§ Required work: Every record must come back unchanged, apart from the pictures, which are dropped.

§ Information given:
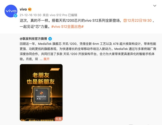 先鋒影像旗艦vivo S12系列將于12月22日正式發(fā)布。它究竟還會給我們帶來哪些驚喜,歡迎持續(xù)關注。
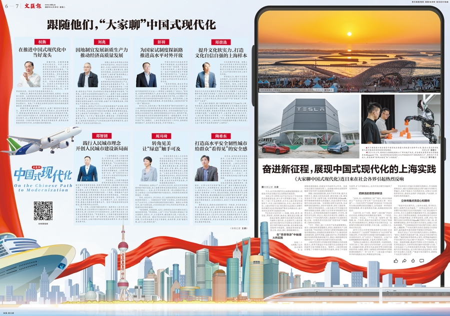 “推进中国式现代化,上海率先垂范,勇当标兵,感受上海现代化系列成果。”一位网友这样点评。《大家聊中国式现代化》系列短视频于文汇报全媒体平台首发,本市主流媒体所属新媒体平台、各区融媒体中心、东方卫视等电视频道、各商业网站及平台同步播出,并向海外推送。许多网友转发、点赞、评论:“很期待这场专家带队的Citywalk!用脚步丈量上海,借案例解读理论,把中国式现代化具象化,定能让大家收获满满。”“专家娓娓道来中国式现代化的上海实践,心潮澎湃。”“中国式现代化的壮美画卷正在徐徐展开,越来越多具象化的细节展现在世界面前。”
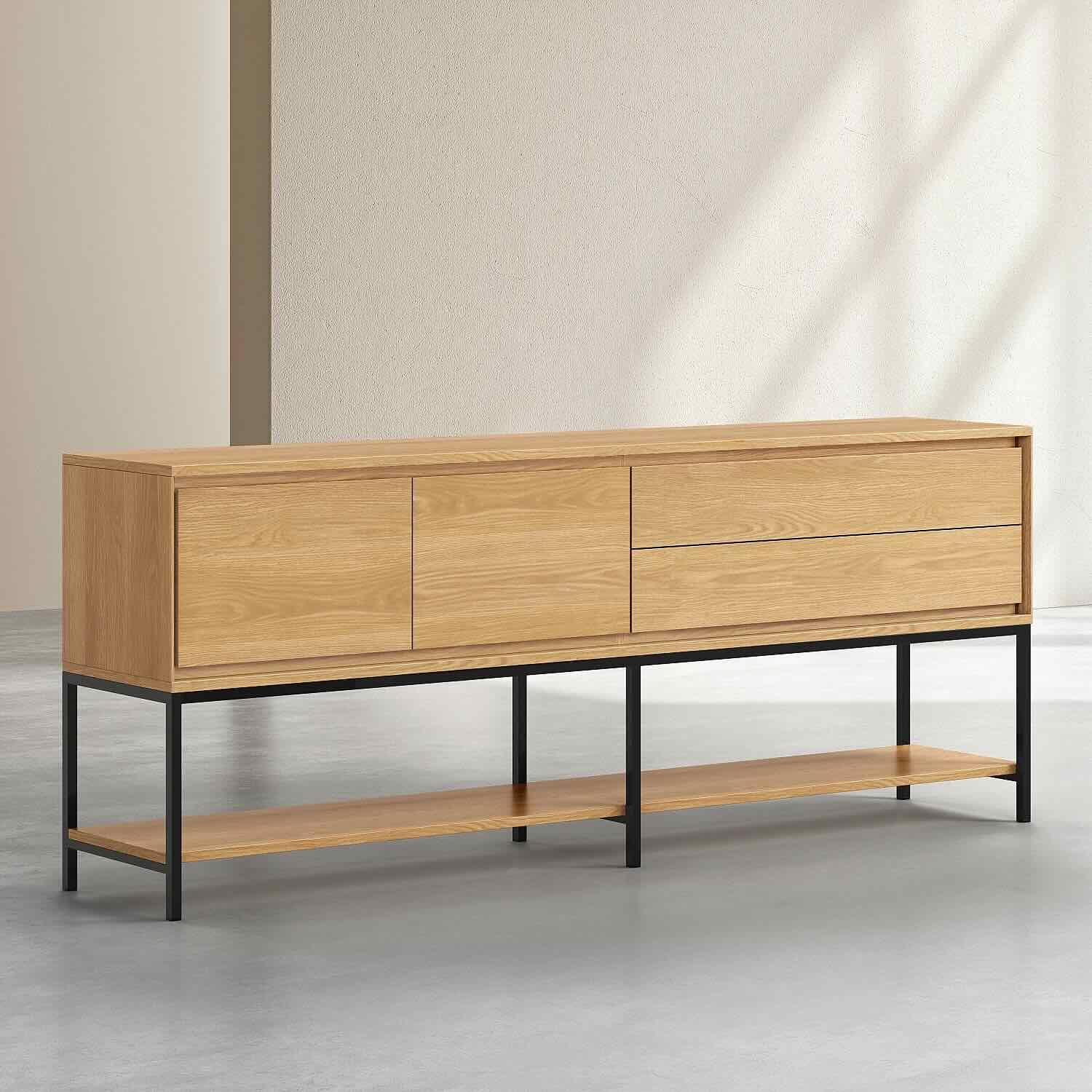 Buffet Flavie en chêne et métal noir, design Hélèna Pille. 2 portes, 2 tiroirs et tablette ouverte pour un rangement élégant et fonctionnel au style contemporain.
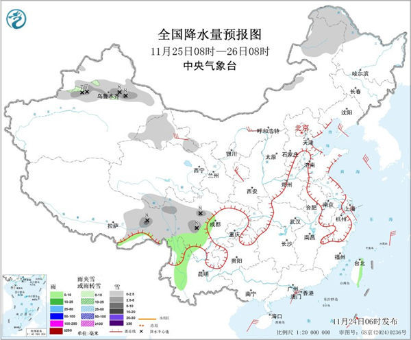 进入11月下旬,影响我国的冷空气较为频繁。目前,一股较强冷空气正自西向东影响我国,今明天(11月24日至25日),冷空气继续东移南下,东北、华北东部到华南等地都将出现降温。紧接着,25日至27日,又将有新一股冷空气影响我国。此外,我国西南地区、东北等地雨雪天气频繁,局地或现大雪。
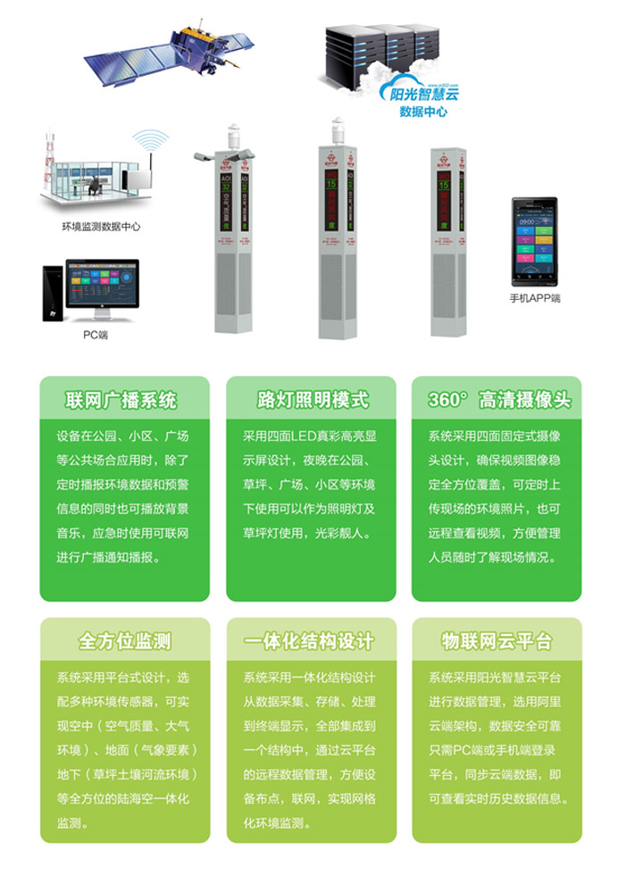 本系統(tǒng)由數(shù)據(jù)采集器、傳感器、無線傳輸系統(tǒng)、后臺數(shù)據(jù)處理系統(tǒng)及信息監(jiān)控管理平臺組成。監(jiān)測子站集成了大氣PM2.5、PM10監(jiān)測、環(huán)境溫濕度及風速風向監(jiān)測、噪聲監(jiān)測、負氧離子、有毒有害氣體監(jiān)測(選配)等多種功能;數(shù)據(jù)平臺是一個互聯(lián)網(wǎng)架構的網(wǎng)絡化平臺,具有對各子站的監(jiān)控功能以及對數(shù)據(jù)的報警處理、記錄、查詢、統(tǒng)計、報表輸出等多種功能。
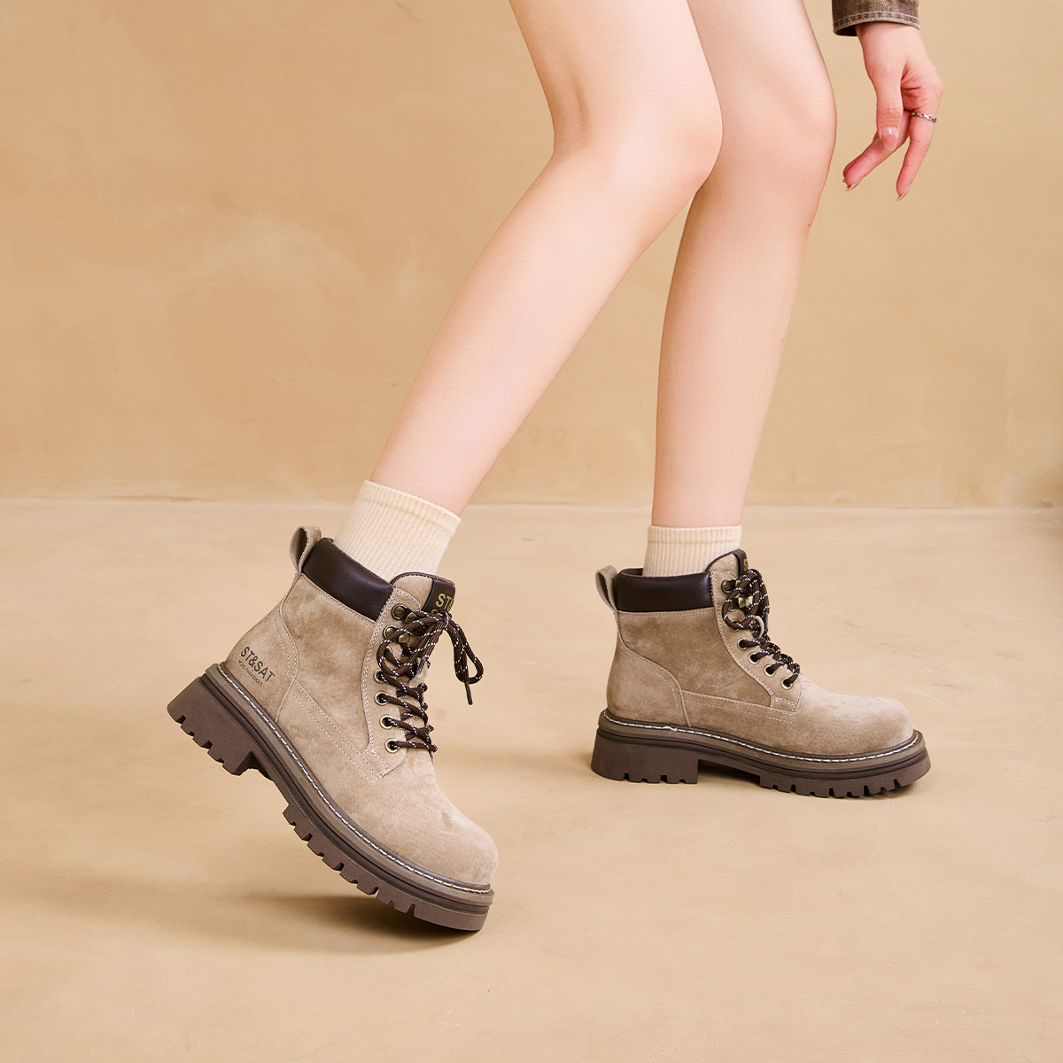 星期六英伦风马丁靴女2026春季新款复古百搭厚底短靴

§ Exercise output:
 先鋒影像旗艦vivo S12系列將于12月22日正式發(fā)布。它究竟還會給我們帶來哪些驚喜,歡迎持續(xù)關注。
 “推进中国式现代化,上海率先垂范,勇当标兵,感受上海现代化系列成果。”一位网友这样点评。《大家聊中国式现代化》系列短视频于文汇报全媒体平台首发,本市主流媒体所属新媒体平台、各区融媒体中心、东方卫视等电视频道、各商业网站及平台同步播出,并向海外推送。许多网友转发、点赞、评论:“很期待这场专家带队的Citywalk!用脚步丈量上海,借案例解读理论,把中国式现代化具象化,定能让大家收获满满。”“专家娓娓道来中国式现代化的上海实践,心潮澎湃。”“中国式现代化的壮美画卷正在徐徐展开,越来越多具象化的细节展现在世界面前。”
 Buffet Flavie en chêne et métal noir, design Hélèna Pille. 2 portes, 2 tiroirs et tablette ouverte pour un rangement élégant et fonctionnel au style contemporain.
 进入11月下旬,影响我国的冷空气较为频繁。目前,一股较强冷空气正自西向东影响我国,今明天(11月24日至25日),冷空气继续东移南下,东北、华北东部到华南等地都将出现降温。紧接着,25日至27日,又将有新一股冷空气影响我国。此外,我国西南地区、东北等地雨雪天气频繁,局地或现大雪。
 本系統(tǒng)由數(shù)據(jù)采集器、傳感器、無線傳輸系統(tǒng)、后臺數(shù)據(jù)處理系統(tǒng)及信息監(jiān)控管理平臺組成。監(jiān)測子站集成了大氣PM2.5、PM10監(jiān)測、環(huán)境溫濕度及風速風向監(jiān)測、噪聲監(jiān)測、負氧離子、有毒有害氣體監(jiān)測(選配)等多種功能;數(shù)據(jù)平臺是一個互聯(lián)網(wǎng)架構的網(wǎng)絡化平臺,具有對各子站的監(jiān)控功能以及對數(shù)據(jù)的報警處理、記錄、查詢、統(tǒng)計、報表輸出等多種功能。
 星期六英伦风马丁靴女2026春季新款复古百搭厚底短靴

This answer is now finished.